The installation created by Dan Horan invites passersby to use the phone without dialing a number or expecting someone to answer on the other end in the traditional sense.
Instead, participants are encouraged to share their thoughts, memories, and emotions.
The project drew widespread attention after a young boy's emotional message to his mother in heaven went viral.
"Hey, Mom, I know you're up there in heaven, watching down on me. My brother Zy passed away," the boy said in a recording captured at the installation.
Horan said the moment occurred on the first day he set up the phone at LOVE Park.
For the past week, he has offered visitors an opportunity to express what is on their minds.
Some of those conversations have focused on personal struggles and hardships.
"Things are still hard; they're expensive. It's hard to make ends meet," one woman said before breaking down in tears.
Horan said the project taps into a type of human connection that has become less common in an era dominated by digital communication.

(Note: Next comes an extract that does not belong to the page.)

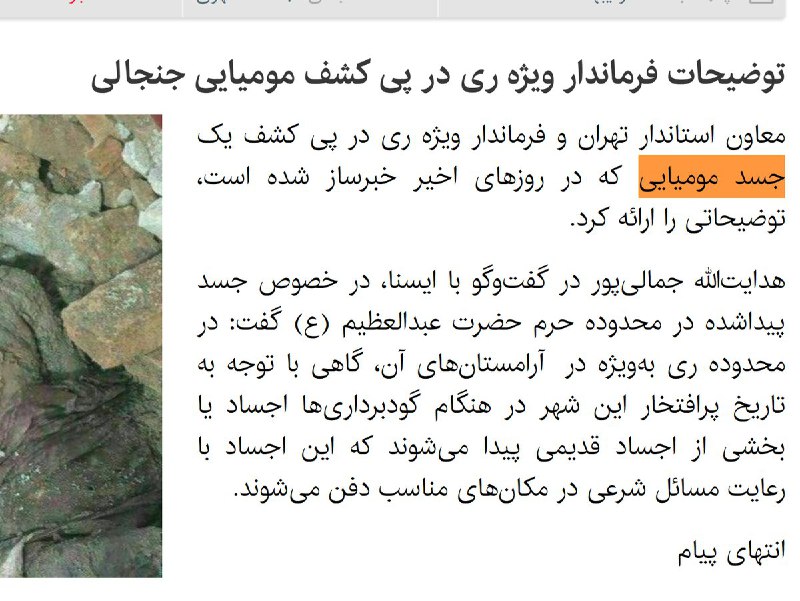 یعنی مقامات لزوما منکر #رضاشاه بودنش نیستند ولی بدون ثبت یک نظر رسمی درباره هویت جسد پیدا شده میخوان کشف یک #مومیایی در اون نقطه خاص رو با گفتن «پیدا شدن اجساد قدیمی در شهر ری» اتفاقی معمول جلوه بدن و در نهایت حتی در همین حد هم صریح نگن که با همین جسد پیدا شده دقیقا چه کردند. فقط از جملاتی کلی مخاطب اینطور برداشت کنه که لابد این رو هم یک جایی دفنش کردند بدون اینکه خودشون دقیقا همچین چیزی رو گفته باشند.

"You used to be able to feel how excited or sad or mad somebody was when you picked up the phone and answered them, and now it's all through text or message or, like, through status. And you can't feel that energy unless it's, like, some weird emoji, you know?" Horan said.
He said the simple act of using a traditional telephone appears to encourage people to open up.
"For some reason, that phone - just picking it up. It brings out that energy that we all used to have when we would pick up the phone 20 years ago and talk to another," Horan said.
Horan said he has conducted social experiments around the city for the past two years.
He plans to continue the phone installation at LOVE Park and in Northeast Philadelphia at Frankford and Cottman, weather permitting.